In this case-control study we evaluated the diagnostic performance of a panel of biomarkers throughout the entire PSA range and in the restricted 2 to 10 ng/ml range, and found in both analyses that %freePSA provided independent diagnostic information. An important limitation is that the performance of PSA (AUC 84%) is biased in this study due to the biopsy referral dependence on PSA values (greater than 2.5 ng/ml) in the SABOR cohort from which cancer cases and controls were selected. This may have impacted the relative performance of other markers, especially those which include PSA in the derivation. Reported AUCs of PSA in populations with no verification bias range between 65% and 70%.23–25 In addition, controls in this study were not necessarily biopsy confirmed. This is not necessarily a disadvantage because biopsy confirmed controls would not represent average healthy men undergoing screening, but rather a clinical population.
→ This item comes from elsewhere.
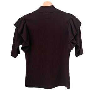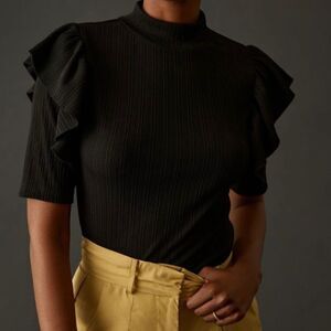 NEW DOLAN x Anthropologie Ruffled Mock Neck Blouse in Black Size Small

Another limitation is that for some cases, serum collections were not performed immediately before the date of diagnosis, although 91.2% of cases had the blood drawn within 1 year before diagnosis. The AUCs of other markers decreased in the PSA 2 to 10 ng/ml range vs the entire PSA range, although our study was not powered to conduct the secondary subgroup analyses in this PSA range (table 2).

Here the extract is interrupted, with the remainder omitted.